▶ TASK DETAILS
Print only the lines below, from the very first to the one containing "발길이 닿은 곳은 바로", exactly as they stand. Do not print pictures.

▶ DATASET RECORDS
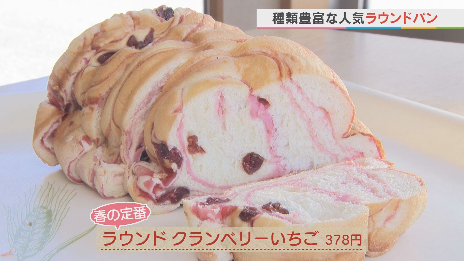 そして、お客さんが必ずと言っていいほど 買っていくのが種類豊富な 「ラウンドパン」です。 春の期間限定商品は イチゴの甘みとクランベリーの酸味が ベストマッチのふわふわな焼き上がり。 初夏には、甘夏のオレンジ色の ラウンドパンになるそうですよ♪
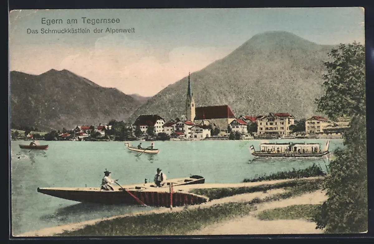 AK Egern am Tegernsee, Seeufer, Kirche, Boote
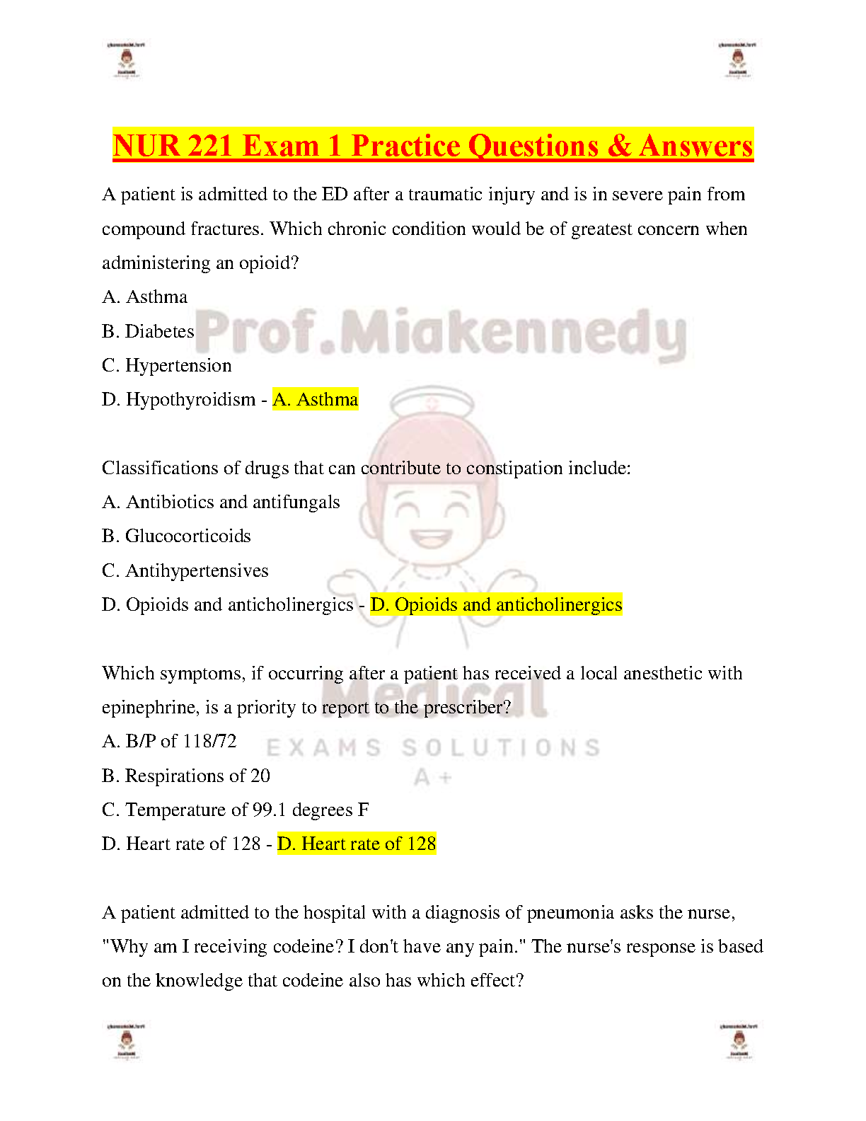 Ace your NUR 221 Exam 1 with this comprehensive test bank! This essential study guide features a collection of practice questions complete with detailed, verified answers, focusing on key pharmacology concepts. Master topics such as opioid administration precautions, drug classifications and side effects, patient assessment priorities, and understanding drug actions. Designed specifically for nursing students, this resource will help you build confidence, test your knowledge, and pass your first exam with flying colors.
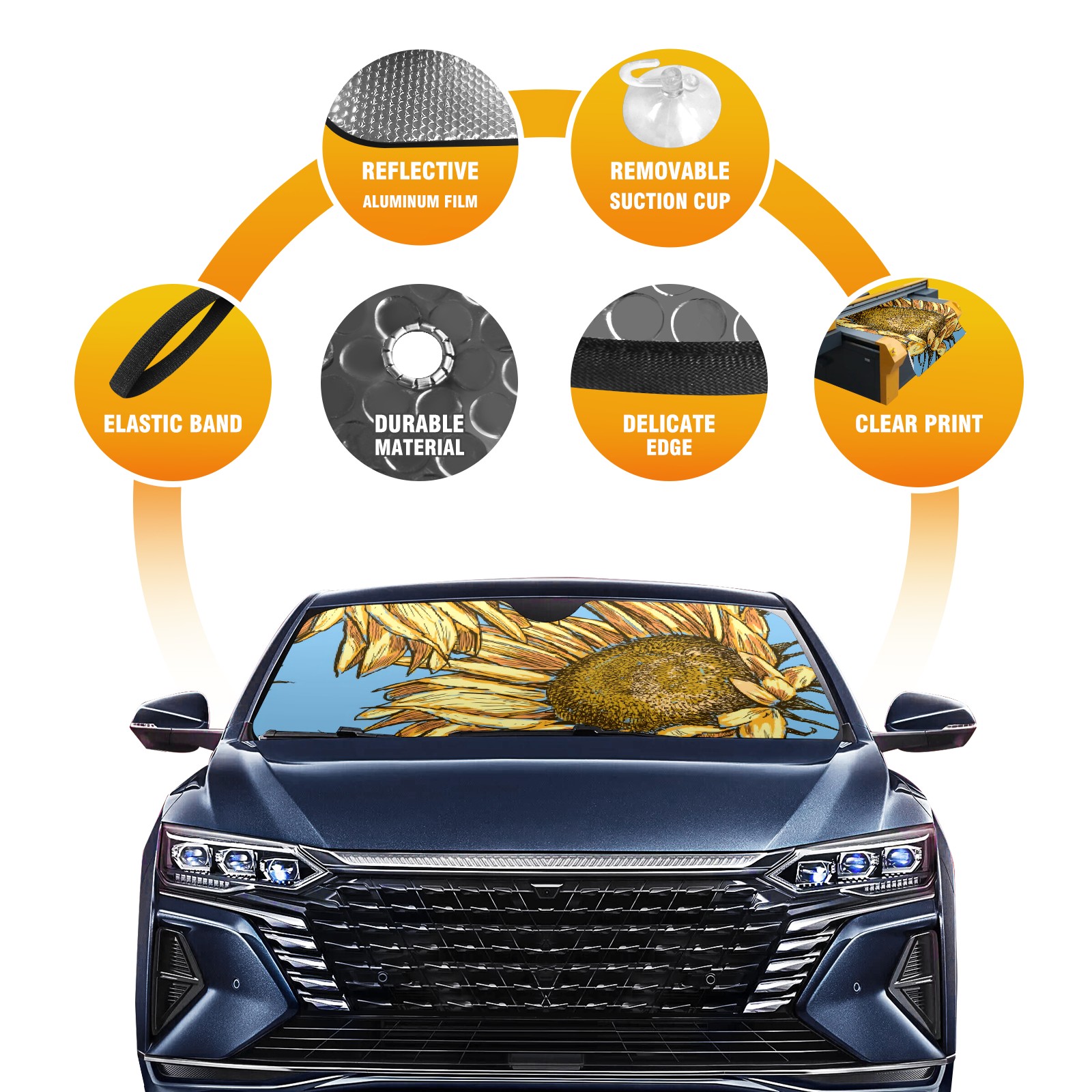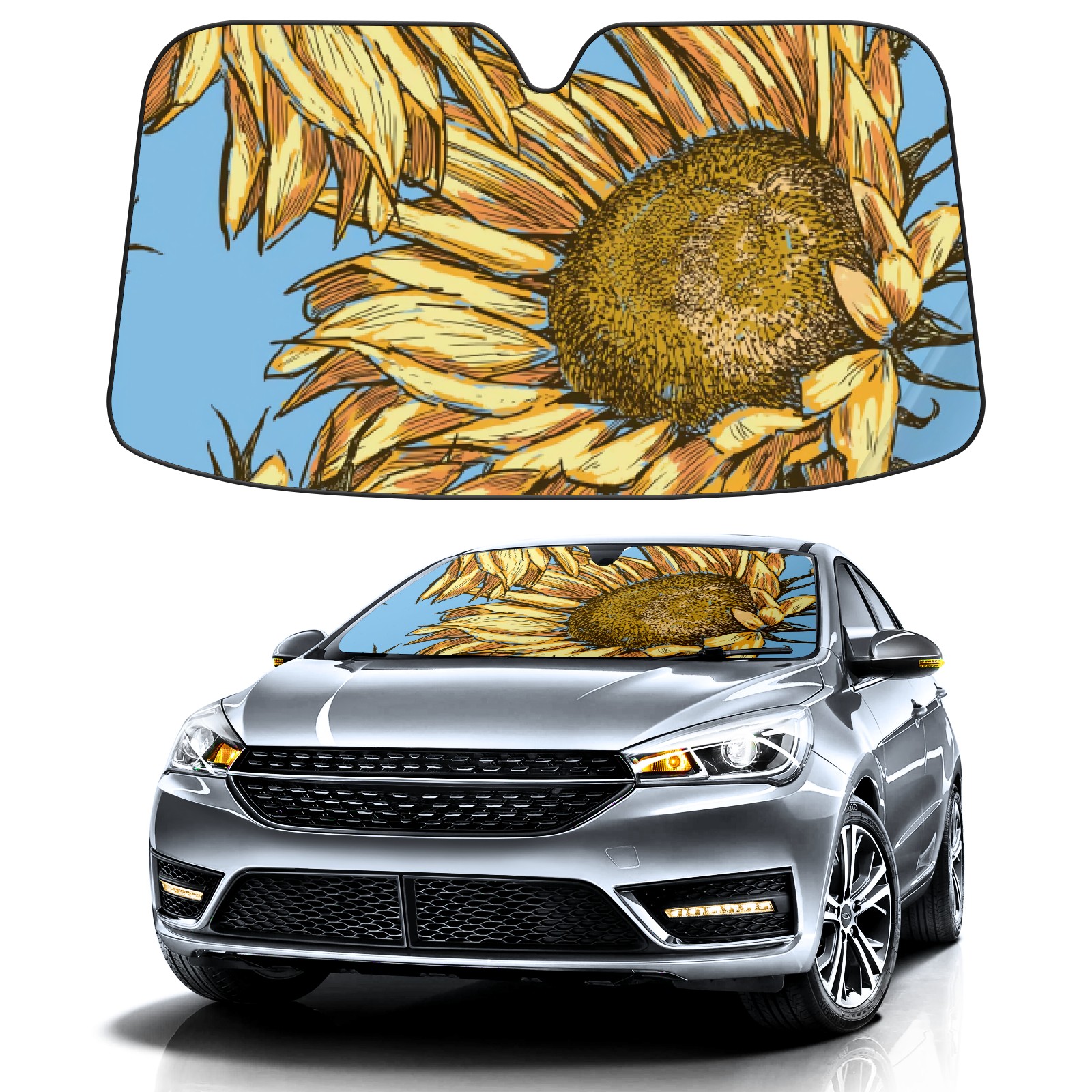 Car Windshield Sun Shade For Front Window Blue Sunflower Foldable Vehicle Windshield Car Sun Visor Covers Automotive Window Protector Car Camping Privacy Sun Blocker
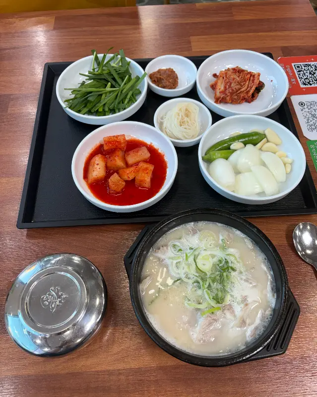 발길이 닿은 곳은 바로 ‘부산순대돼지국밥’ 집이었어. 간판부터가 왠지 모르게 정감이 갔지. 뽀얀 국물에 김이 모락모락 나는 국밥 사진이 어찌나 맛있어 보이던지. 문을 열고 들어서니, 역시나 사람들로 북적북적하더라. 혼자 온 손님들도 꽤 있어서, 나도 부담 없이 자리를 잡았어.
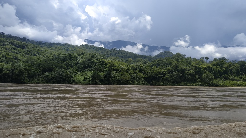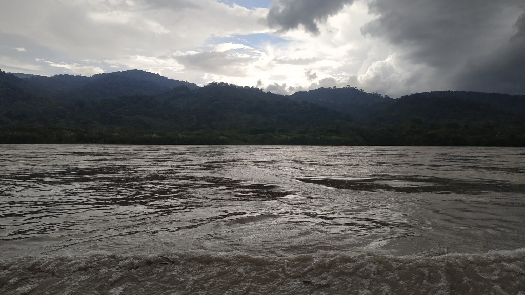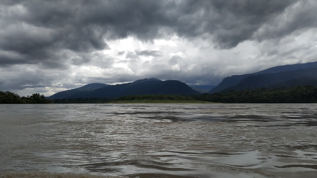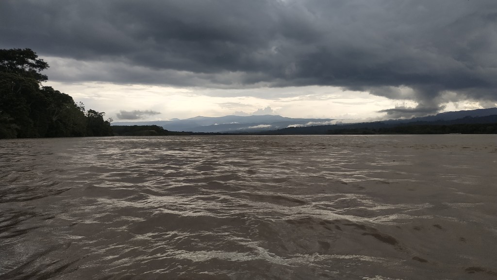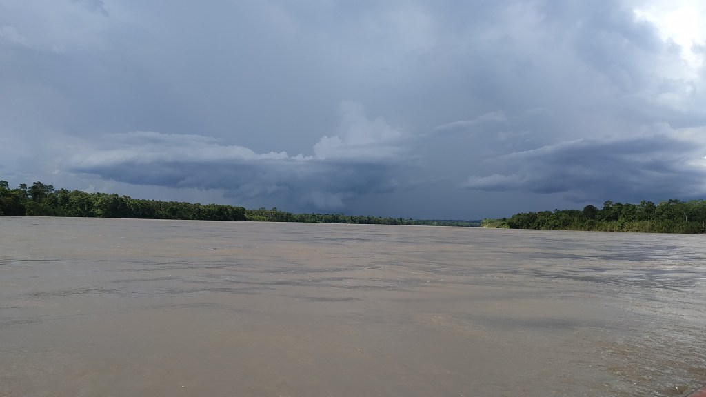 La travesía en barco fluyó a través del río Tambo, el nombre que recibe el río a esta altura, a pesar que seguro tiene otros nombres en otras lenguas originarias que desconozco por ahora. Lo primero que recuerdo al pensar en esta travesía es una historia que me contaban sobre la época de lluvias en la Amazonía, me decían que en estas épocas no existe familia en las comunidades amazónicas, con eso se referían a que si el familiar esta cerca estará presente pero si vive lejos es como si no existiera, en el sentido de que no se puede visitar en estas épocas ya que el río se vuelve bravo y por lo tanto peligroso. Y así fue cómo lo sentí desde este viaje, un flotar convulso y cambiante, donde cada tormenta aparecía sin avisar, llegando con la mayor intensidad que se puede sentir desde el río, o así lo sentí, ya que el barco pasaba de tener un vaivén tranquilo y rítmico como si de una mecedora se tratase a ser abordado por olas voraces acompañadas de fuertes lluvias con rayos y truenos. Sin duda momentos a recordar, donde la naturaleza Amazónica mostró su exaltación enérgica al máximo esplendor. En el barco se sentía miedo, todxs nos pusimos los chalecos salvavidas, los cuales no se nos habían facilitado pero estaban ahí, colgados del techo del barco. El barco, estrecho y alargado, fue en un momento embestido por una ola provocada por la tormenta, la cual viniendo de lado hizo que el barco se llenara de agua en su interior, se oyeron gritos y demandas de una conducción más cautelosa en estas circunstancias climáticas.

▶ SOLUTION FOR THIS PROBLEM
 そして、お客さんが必ずと言っていいほど 買っていくのが種類豊富な 「ラウンドパン」です。 春の期間限定商品は イチゴの甘みとクランベリーの酸味が ベストマッチのふわふわな焼き上がり。 初夏には、甘夏のオレンジ色の ラウンドパンになるそうですよ♪
 AK Egern am Tegernsee, Seeufer, Kirche, Boote
 Ace your NUR 221 Exam 1 with this comprehensive test bank! This essential study guide features a collection of practice questions complete with detailed, verified answers, focusing on key pharmacology concepts. Master topics such as opioid administration precautions, drug classifications and side effects, patient assessment priorities, and understanding drug actions. Designed specifically for nursing students, this resource will help you build confidence, test your knowledge, and pass your first exam with flying colors.
 Car Windshield Sun Shade For Front Window Blue Sunflower Foldable Vehicle Windshield Car Sun Visor Covers Automotive Window Protector Car Camping Privacy Sun Blocker
 발길이 닿은 곳은 바로 ‘부산순대돼지국밥’ 집이었어. 간판부터가 왠지 모르게 정감이 갔지. 뽀얀 국물에 김이 모락모락 나는 국밥 사진이 어찌나 맛있어 보이던지. 문을 열고 들어서니, 역시나 사람들로 북적북적하더라. 혼자 온 손님들도 꽤 있어서, 나도 부담 없이 자리를 잡았어.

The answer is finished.